Monday, 14 March 2011

Communism with robots

One pithy criticism of the RBE is that it's communism with robots. Here we're supposed to take communism to be wrong/bad, and because the RBE shares one or more attributes with communism, it must also be wrong/bad.  I hope you can already see what a cheap shot it is just to stick a label on something and assume that can take the place of a proper logical critique of it.

Nevertheless, I want to examine what the RBE does have in common with communism and see what if anything is wrong with that / those attribute(s).  The RBE says that the planet's resources should be declared the common heritage of all humans living on the planet (or words to that effect). Everything belongs to everybody. This doesn't sit well with the argument that someone has worked hard etc, to get what they've got and why should they give it away.
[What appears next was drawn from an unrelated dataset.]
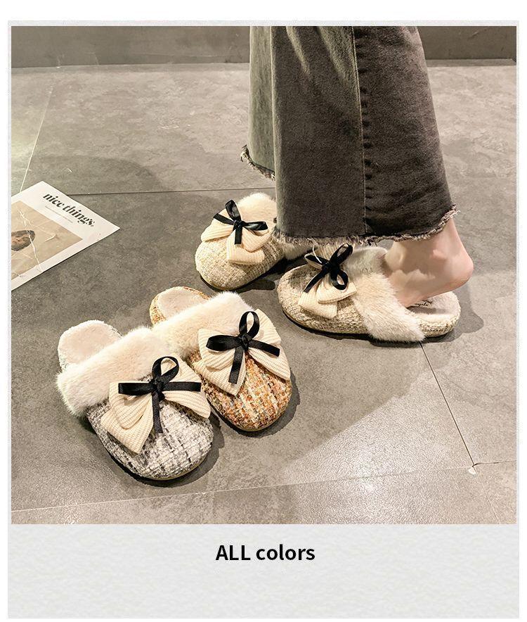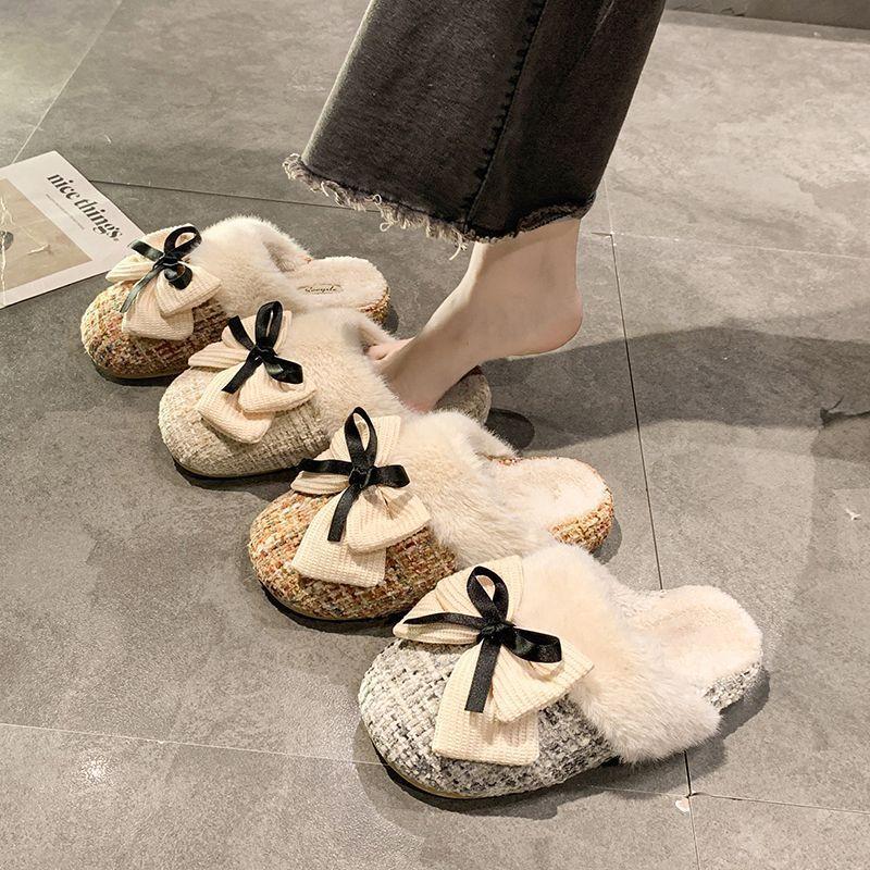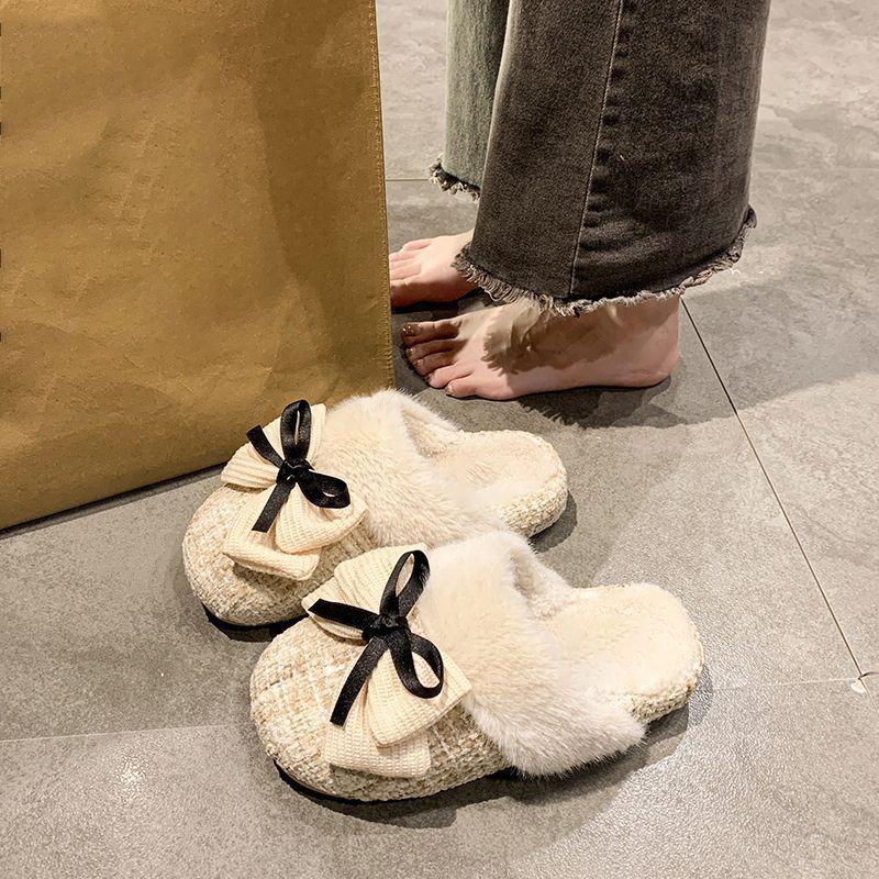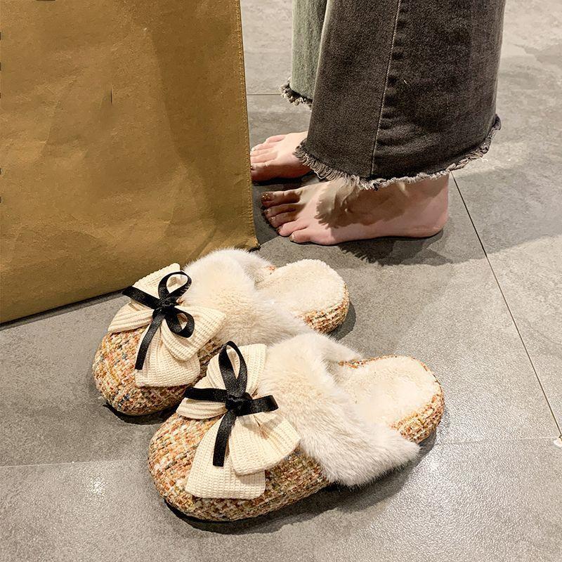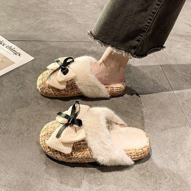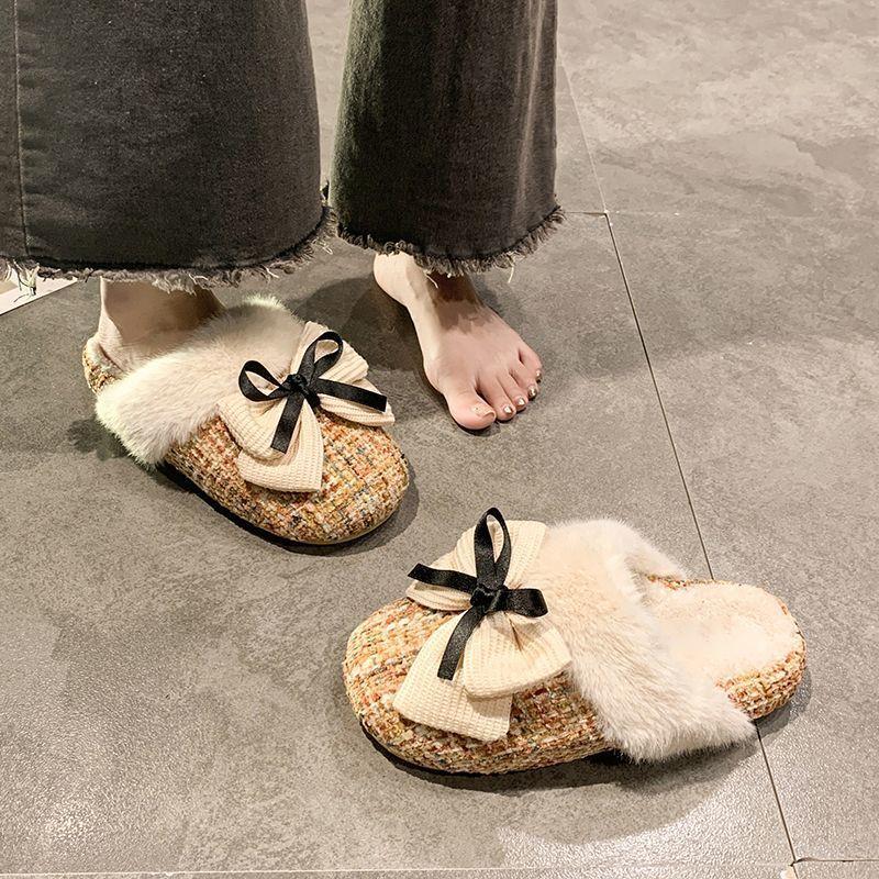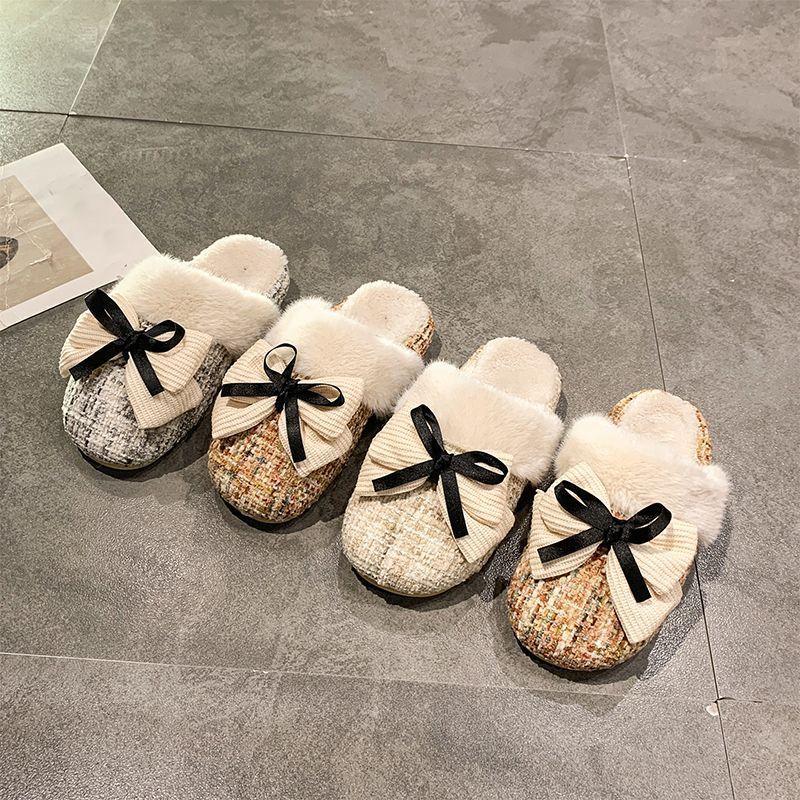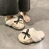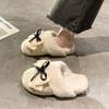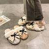Pantuflas de Algodón Cómodas para el Hogar para Mujer Estilo de Hada Lazo Pantuflas Peludas para Exterior 2025 Otoño e Invierno Nuevo Versátil de Suela Gruesa

First, does everyone get a share of the planet's resources based on how hard they work? I think the answer is obviously not. Let's compare:

(a) a super rich person who has everything s/he needs and probably everything s/he wants (such that money can buy). S/he may be highly skilled at gambling his/her spare money in the financial markets and coming out with more money.

(b) Someone in a third world country working in a sweat shop for not enough money to acquire the basics of life, or perhaps someone who has to walk miles each day just to get water.

Whilst there maybe a correlation between how hard someone has worked and what they've got, it is plain that there is not a single baseline from which everyone started. If there were, maybe the work more, have more model would stand up.

For an extreme example, let's also look at a burglar. S/he 'works' nights (unsocial hours), and is highly skilled in a stress filled "job". So, s/he's worked hard to get what s/he's got, and why should s/he give it away?

We have to examine what the work that's being done is. The work in example (a) is not socially constructive. The extra money that (a) gets must either be taken from someone else, or created out of thin air. In example (b) we see work that is technically unnecessary. Clearly it is technically possible to pipe water to all otherwise habitable places and the use of sweat shops reduces humans to below the rank of machines. They have to do the work more cheaply than it can be done by a machine, otherwise it would be done by a machine.

What work is the burglar doing? He (let's assume it's he), is presumably forcing entry into someone's home, causing damage that will need repairing. He may well make a mess looking for valuables, creating work tidying it up. He also creates work for the police investigating the burglary, and for the insurance company who will pay out to reimburse the burgled householder. Here we see how the notion of private ownership creates work for the people who secure it (locks, alarms, etc), those who insure it, those who try to acquire it (burglars) and those who try to stop them (police). In short there is a whole industry around getting and hanging onto stuff.

In my ramblings, I haven't yet made any ethical point about innate equality or birthright to a fair share of the planet's resources.

What benefit does someone directly derive from ownership of something to the exclusion of others? It is clear what disbenefits it has - they must secure it, insure it, and pay taxes to have a police force to enforce the ownership system. If someone steals your car, the most immediate problem for you is that you lose the utility that the car brings, but if someone steals your jewellery, what have you actually lost? There's no real utility in it. OK you've lost the money you spent on it, but that money is only as good as the utility it brings you.


The underlying psychology in possessing things is the mentality of scarcity - there isn't enough to go round so I have to grab what I want and stop other people from getting it. But let's look at cars again. At any one time, most of them are parked, bringing no utility to anyone. Some of them are not yet owned by anyone. There plainly is no scarcity of cars (in the developed world) - in fact the opposite is true in many places, in that owners have to pay money to park their cars.

Thus we have a whole industry of traffic wardens, parking tickets, appeals tribunals, parking meters, car alarms, car repairs, garages, garage alarms, car insurance, and so on, all to achieve the aim of a car owner having exclusive rights to using a car that for most of the time s/he doesn't need or want to use.

So here we have something that's not scarce, but that is treated as though it is, and that generates work managing the "scarcity". What is going on? Why are we pretending something is scarce when it isn't? In worse cases, we make something actually scarce even though it doesn't have to be - for example paying farmers not to grow food (set aside). Do we have some deep-seated desire to have something that someone else does not have, even to the extent that we will actually make an effort to ensure there isn't enough to go round, or is this a genuine fear of scarcity, an over-developed survival instinct?

It's undeniably true that the planet's resources are finite, and therefore it is logically true that there could be some things that are genuinely scarce. Surely this must be where our attention should be focussed, and not on creating scarcity, or pretending there's scarcity where there isn't? Isn't this just logic rather than communism?